Возникает совершенно сумасшедшее смятение чувств, когда у обоих неожиданно раскрываются глаза и им становится ясно, что никакая они не пара. С этим смятением чувств провел я с Гудрун вторую половину субботы на городском пляже. Гудрун сидела рядом со мной на шерстяном пледе и мазала себя кремом. На ней было голубое бикини с рюшечками впереди. Юные девушки пользовались этим летом косметикой светло-розовых тонов и почти бесцветной губной помадой. Мне мешало, что вокруг меня одновременно говорило, смеялось и кричало так много людей. Я был единственный среди них, кто пришел сюда с книжкой. Целые семьи вытирались одним полотенцем и раскладывали его для просушки на солнце. Гудрун рассказывала, как она в семнадцать лет впервые побывала в Италии и как один итальянец пытался поцеловать ее. «Я защищалась, – сказала Гудрун, – тогда он дал мне свою фотографию и адрес и просил писать ему. А по дороге домой, в автобусе, – сказала Гудрун, – я принялась, как безумная, целовать его фотографию, ну не странно ли, да?!» Я осуждал про себя окружавших меня людей за то, что они читали не книги, а только одни иллюстрированные журналы. Я видел перед собой семейки, бессмысленно растрачивавшие время и энергию. Первым иллюстрированный журнал листал отец семейства, потом мамаша, за ними – их дочь, а уж последним – их малолетний сын. Через какое-то время все повторялось сначала. Было очень трудно спокойно лежать на пледе и не критиковать людей. Гудрун никогда не возражала против моих увлечений литературой, но то, что я читал и на пляже тоже, сильно рассердило ее. Она ушла купаться, а я остался читать. Впервые мне бросилось в глаза, что я готов использовать литературу как рычаг для расставания.
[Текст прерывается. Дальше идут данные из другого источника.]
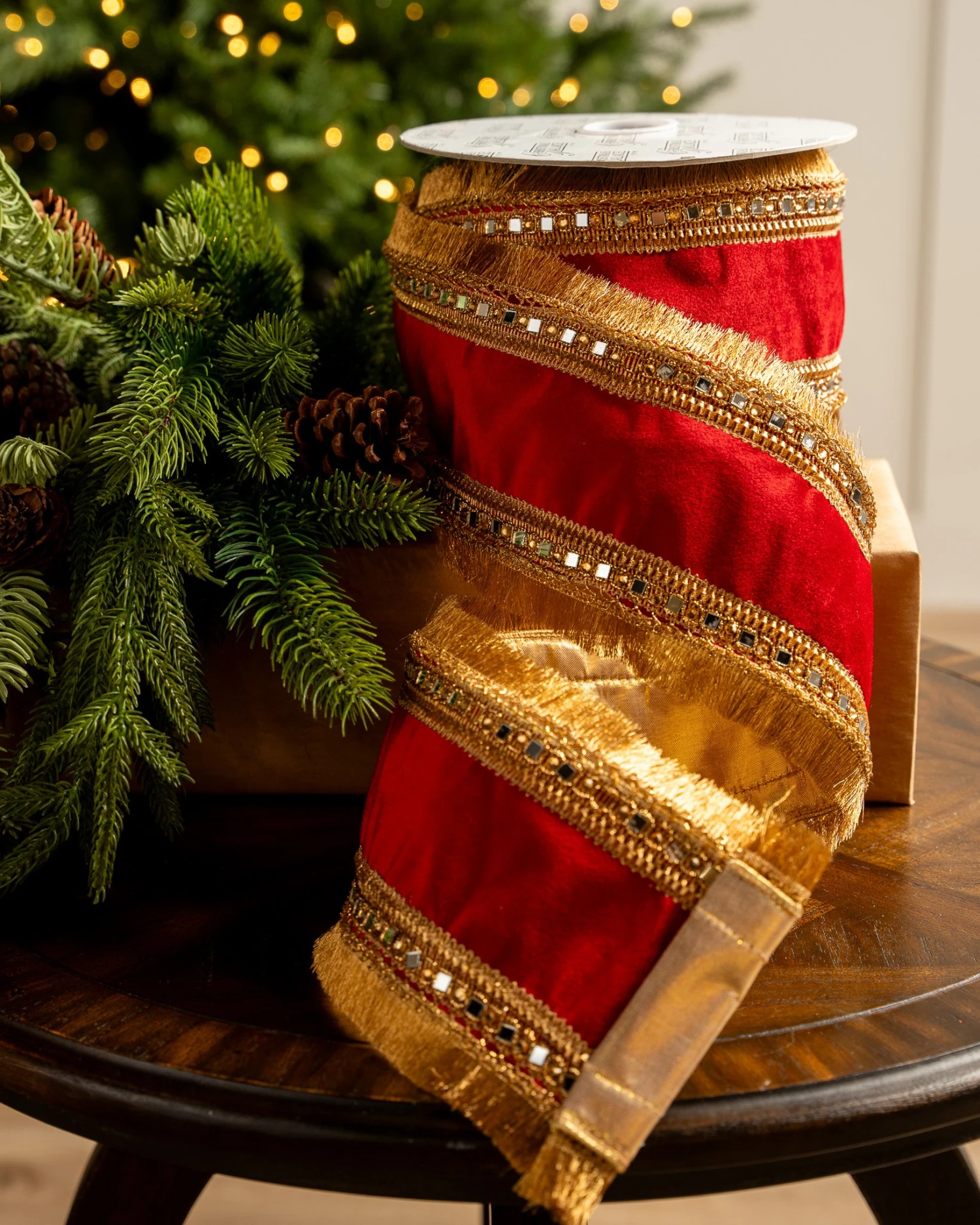 4″ X10YD Red Velvet Ribbon With Mirror On Edge

Время от времени я разглядывал тополиный пух, разносимый ветром по лужайкам, или ос, летавших от одной картонной коробки с едой к другой. Чем дольше тянулось время, тем меньше слов произносили мы друг другу. Когда в шесть вечера Гудрун стряхнула с пледа хлебные крошки и песок, я знал, что между нами все кончено. Я, как обычно, проводил ее домой. На следующей неделе во вторник мы вместе сходили в обеденный перерыв в банк и ликвидировали нашу общую сберегательную книжку. После этого мы никогда больше не виделись.